> [Exercise instructions]: For this exercise, please return exactly the line containing "Uhr (h = 30.6°) |" and each line after it through the end of the records, with no pictures included.

-- Material to process follows --

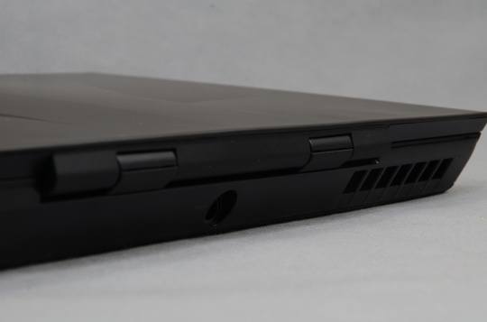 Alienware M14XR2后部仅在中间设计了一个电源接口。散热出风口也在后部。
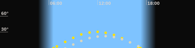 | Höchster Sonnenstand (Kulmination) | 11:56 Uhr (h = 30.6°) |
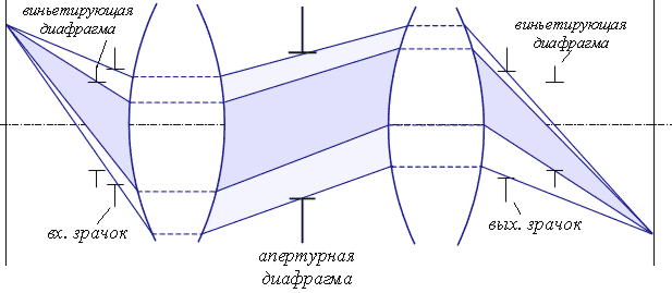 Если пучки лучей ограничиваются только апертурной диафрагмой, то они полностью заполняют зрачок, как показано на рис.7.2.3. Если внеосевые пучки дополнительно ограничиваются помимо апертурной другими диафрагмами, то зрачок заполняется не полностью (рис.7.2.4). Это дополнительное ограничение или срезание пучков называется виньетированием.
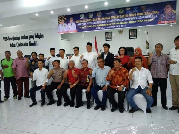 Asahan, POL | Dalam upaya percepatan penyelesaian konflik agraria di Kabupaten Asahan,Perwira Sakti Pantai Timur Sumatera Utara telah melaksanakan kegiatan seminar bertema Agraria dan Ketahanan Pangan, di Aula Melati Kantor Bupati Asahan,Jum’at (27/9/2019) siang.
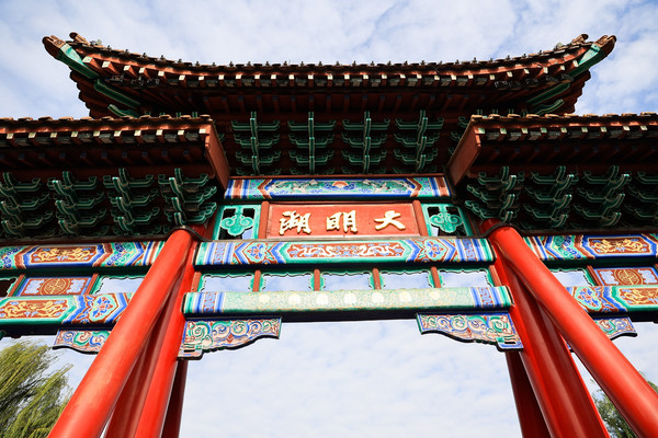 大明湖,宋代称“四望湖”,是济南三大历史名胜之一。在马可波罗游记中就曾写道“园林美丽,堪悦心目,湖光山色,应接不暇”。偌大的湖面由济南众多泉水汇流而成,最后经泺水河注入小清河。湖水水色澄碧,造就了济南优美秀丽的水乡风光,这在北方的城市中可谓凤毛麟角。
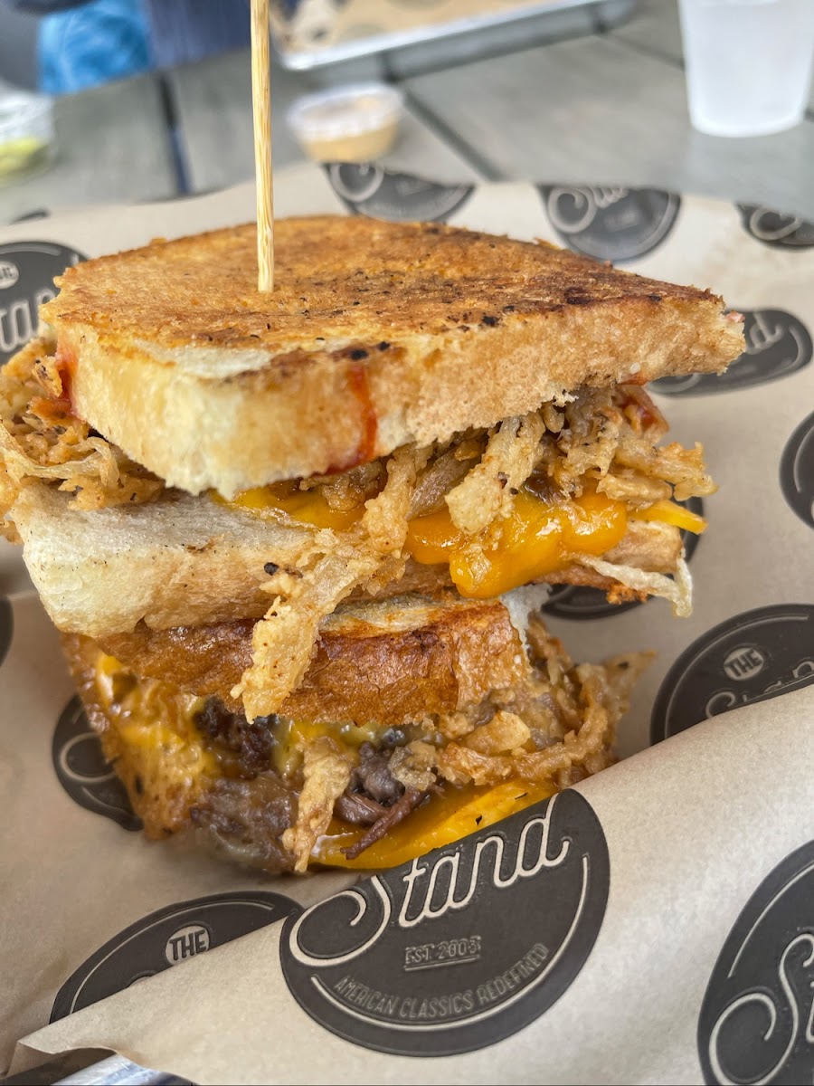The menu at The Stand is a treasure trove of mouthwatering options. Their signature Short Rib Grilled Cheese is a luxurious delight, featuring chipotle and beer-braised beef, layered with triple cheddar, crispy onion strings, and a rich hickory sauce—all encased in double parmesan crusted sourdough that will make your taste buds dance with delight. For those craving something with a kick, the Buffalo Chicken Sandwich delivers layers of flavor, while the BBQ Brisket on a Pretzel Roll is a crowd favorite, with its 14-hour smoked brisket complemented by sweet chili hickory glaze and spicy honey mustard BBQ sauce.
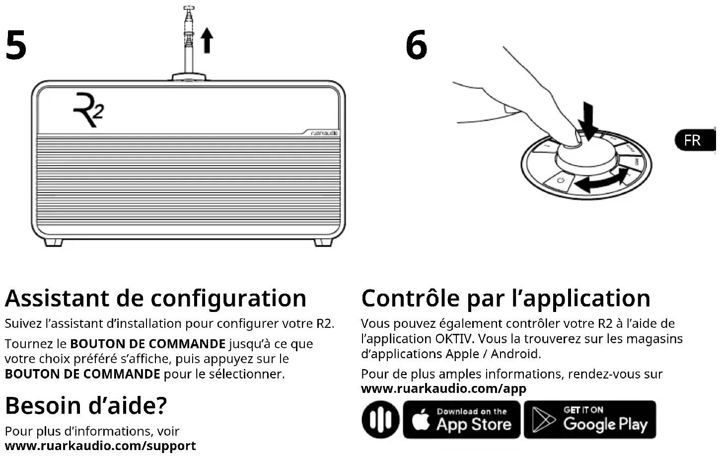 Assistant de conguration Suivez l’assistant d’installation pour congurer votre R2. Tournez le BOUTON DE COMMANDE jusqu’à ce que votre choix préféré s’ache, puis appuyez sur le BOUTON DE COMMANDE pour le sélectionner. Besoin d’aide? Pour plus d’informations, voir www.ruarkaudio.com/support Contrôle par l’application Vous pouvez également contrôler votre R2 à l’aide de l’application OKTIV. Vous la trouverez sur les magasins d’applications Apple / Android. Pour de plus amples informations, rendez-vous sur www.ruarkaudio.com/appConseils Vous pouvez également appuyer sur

-- Material to process concluded --

> [Reply to the exercise]:
 | Höchster Sonnenstand (Kulmination) | 11:56 Uhr (h = 30.6°) |
 Если пучки лучей ограничиваются только апертурной диафрагмой, то они полностью заполняют зрачок, как показано на рис.7.2.3. Если внеосевые пучки дополнительно ограничиваются помимо апертурной другими диафрагмами, то зрачок заполняется не полностью (рис.7.2.4). Это дополнительное ограничение или срезание пучков называется виньетированием.
 Asahan, POL | Dalam upaya percepatan penyelesaian konflik agraria di Kabupaten Asahan,Perwira Sakti Pantai Timur Sumatera Utara telah melaksanakan kegiatan seminar bertema Agraria dan Ketahanan Pangan, di Aula Melati Kantor Bupati Asahan,Jum’at (27/9/2019) siang.
 大明湖,宋代称“四望湖”,是济南三大历史名胜之一。在马可波罗游记中就曾写道“园林美丽,堪悦心目,湖光山色,应接不暇”。偌大的湖面由济南众多泉水汇流而成,最后经泺水河注入小清河。湖水水色澄碧,造就了济南优美秀丽的水乡风光,这在北方的城市中可谓凤毛麟角。
The menu at The Stand is a treasure trove of mouthwatering options. Their signature Short Rib Grilled Cheese is a luxurious delight, featuring chipotle and beer-braised beef, layered with triple cheddar, crispy onion strings, and a rich hickory sauce—all encased in double parmesan crusted sourdough that will make your taste buds dance with delight. For those craving something with a kick, the Buffalo Chicken Sandwich delivers layers of flavor, while the BBQ Brisket on a Pretzel Roll is a crowd favorite, with its 14-hour smoked brisket complemented by sweet chili hickory glaze and spicy honey mustard BBQ sauce.
 Assistant de conguration Suivez l’assistant d’installation pour congurer votre R2. Tournez le BOUTON DE COMMANDE jusqu’à ce que votre choix préféré s’ache, puis appuyez sur le BOUTON DE COMMANDE pour le sélectionner. Besoin d’aide? Pour plus d’informations, voir www.ruarkaudio.com/support Contrôle par l’application Vous pouvez également contrôler votre R2 à l’aide de l’application OKTIV. Vous la trouverez sur les magasins d’applications Apple / Android. Pour de plus amples informations, rendez-vous sur www.ruarkaudio.com/appConseils Vous pouvez également appuyer sur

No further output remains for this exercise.